Without the images, repeat every line of the listing verbatim.

Provided data >>
++++
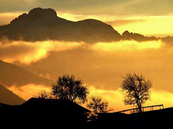 Keywords: alpine back light abendstimmung mountains sun evening mist autumn trees bayern
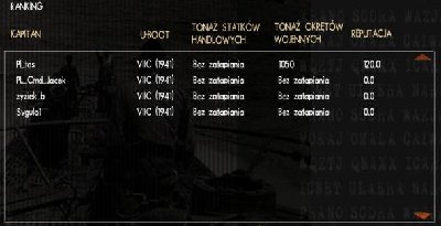 Patrol niestety nie był ciekawy, zaczęliśmy w wynurzeniu minąłem Tesa, machając mu działem . Zanurzyłem się, a potem zobaczyłem niszczyciele. Pędziły przed nami, przeszły, a potem zaczęły obrzucać wszystkich bombami. Po 20 minutach patrolu byłem na 200m uciekając przed DD-kami. Tesa i Zyźka zatopili, ja zaś oddaliłem się bez szwanku. Syguła, jako jedyny wystrzelił do grupy bojowej, ale spudłował. Po 45 min nie było już co robić.
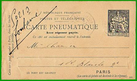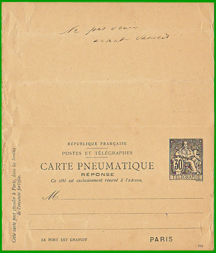 CARTE PNEUMATIQUE AVEC RÉPONSE PAYÉE
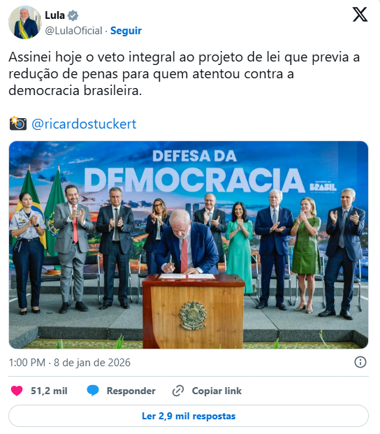 O Projeto de Lei nº 2.162/2023- conhecido popularmente como “PL da Dosimetria” – que prevê a redução de penas de pessoas condenadas pelos atos antidemocráticos de 8 de janeiro de 2023 e pela tentativa de golpe de Estado, foi vetado integralmente pelo presidente Luiz Inácio Lula da Silva, nesta quinta-feira (8), ao final da Cerimônia em Defesa da Democracia, no Palácio do Planalto. O PL foi aprovado, em dezembro, nos plenários da Câmara e do Senado.
++++
Response area >>
 Keywords: alpine back light abendstimmung mountains sun evening mist autumn trees bayern
 Patrol niestety nie był ciekawy, zaczęliśmy w wynurzeniu minąłem Tesa, machając mu działem . Zanurzyłem się, a potem zobaczyłem niszczyciele. Pędziły przed nami, przeszły, a potem zaczęły obrzucać wszystkich bombami. Po 20 minutach patrolu byłem na 200m uciekając przed DD-kami. Tesa i Zyźka zatopili, ja zaś oddaliłem się bez szwanku. Syguła, jako jedyny wystrzelił do grupy bojowej, ale spudłował. Po 45 min nie było już co robić.
 CARTE PNEUMATIQUE AVEC RÉPONSE PAYÉE
 O Projeto de Lei nº 2.162/2023- conhecido popularmente como “PL da Dosimetria” – que prevê a redução de penas de pessoas condenadas pelos atos antidemocráticos de 8 de janeiro de 2023 e pela tentativa de golpe de Estado, foi vetado integralmente pelo presidente Luiz Inácio Lula da Silva, nesta quinta-feira (8), ao final da Cerimônia em Defesa da Democracia, no Palácio do Planalto. O PL foi aprovado, em dezembro, nos plenários da Câmara e do Senado.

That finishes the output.